Karl Marx dediğimiz adam bilimsel sosyalizmin kurucusudur. Sosyalizm= Marksizm gibi görenler çok keskin bir şekilde yanılıyorlar. Örneğin ben de bir sosyalistim ama Marksist değilim. Karl Marx dediğiniz adam David Ricardo'nun emek-değer teorisini geliştirerek ekonomi bilimine önemli katkılar sağlamıştır. Kendisi kapitalist sistemi yeterince çözümleyebilmiş bir insandır. Ekonomik rol değişimini tarihsel materyalizm ile açıklamış ve bu dönüşümün son kertede zorunlu olarak komünizme varacağını öngörmüştür. Ben onun bu fikirlerine kesinkes katılmaktayım. Bu onun ekonomik yönüdür, bir de olayın siyasi boyutuna bakmamız gerekiyor.

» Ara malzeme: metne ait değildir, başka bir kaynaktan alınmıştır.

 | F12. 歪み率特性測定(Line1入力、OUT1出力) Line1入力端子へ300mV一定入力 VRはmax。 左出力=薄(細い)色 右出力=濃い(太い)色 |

Aynı burjuvaların aristokratları devirdiği gibi, işçi sınıfının da burjuvaziyi alt ederek sınıfsız bir topluma ulaşacağını belirtir. Bunun içiç "proleterya diktatörlüğü" diye bir ön aşama öngörmektedir. Yeterli meta birikimi sağlandığı ve karşı-devrim riski sıfıra indirildiği zaman proleterya diktatörlüğü kendi kendisini söndürecek ve sınıfsız topluma geçilecektir. En azından onun öngörüsü bu şekildedir. 1. Enternasyonalde anti-otoriteryen sosyalistlerle Marksistler arasındaki temel çatışma budur. Anti-otoriteryen sosyalistler, günümüz söylemiyle anarşistler, proleterya diktatörlüğüne karşı çıkmakta ve her türlü devlet oluşumunun insanı köleliğe götüreceğini savunmaktadır. Bakunin ve Marx arasında çıkan tartışmalardan dolayı çeşitli hile hurdalarla anarşistler enternasyonalden atılmış ve enternasyonal başka bir yere taşınmıştır. Zaten bu da 1. enternasyonalin bitmesine neden olmuştur.

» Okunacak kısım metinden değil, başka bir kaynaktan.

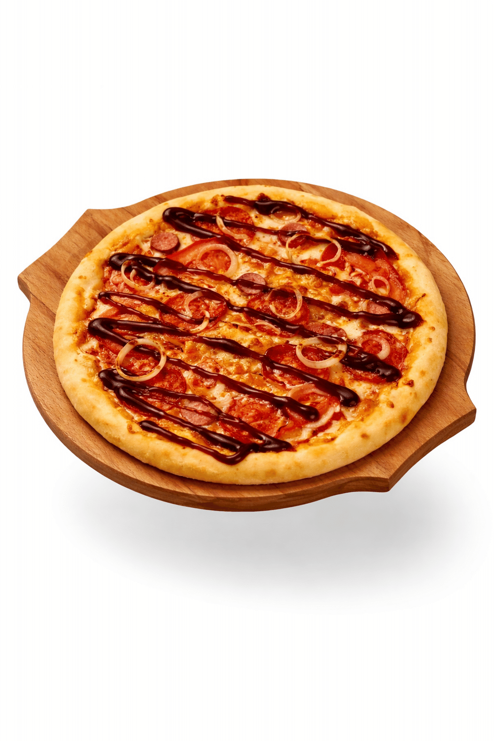 Пепперони, охотничьи колбаски, соус барбекю, помидоры, маринованный лук, томатный соус, моцарелла, масло чесночное 370 гр / 550 гр

Gelelim Lenin'e. Lenin üzerinden Marx'ı eleştiremezsiniz; çünkü Lenin "öncü parti" kavramını ortaya koyup proleterya diktatörlüğü değil "işçi partisi diktatörlüğü" kurmuştur. Yani onun felsefesini kendisine göre basitleştirmiş ve pratikleştirmiştir. Her ne kadar öncü parti kavramını ben de saçma buluyor olsam da Lenin'e mahalle kahvehanesi ağzıyla saydırabilmeniz için kırk fırın ekmek yemeniz gerekiyor. Kurtuluş Savaşı sırasında Sovyet Rusya'nın Türkiye'ye olan silah desteği olmasa o savaş zor kazanılırdı; ama sizi yadırgamıyorum. Türkiyede "komünizm" denilince, "la bunlar karılarını paylaşıyor laaa" dan daha ileri entelektüel bir birikim görebilmiş değiliz.
Okuyup öğrenin, ondan sonra konuşun. İnsan bilmediği konu hakkında konuşunca çok komik durumlara düşer ama kendisi bunun farkında olmaz.
Saygılarımla.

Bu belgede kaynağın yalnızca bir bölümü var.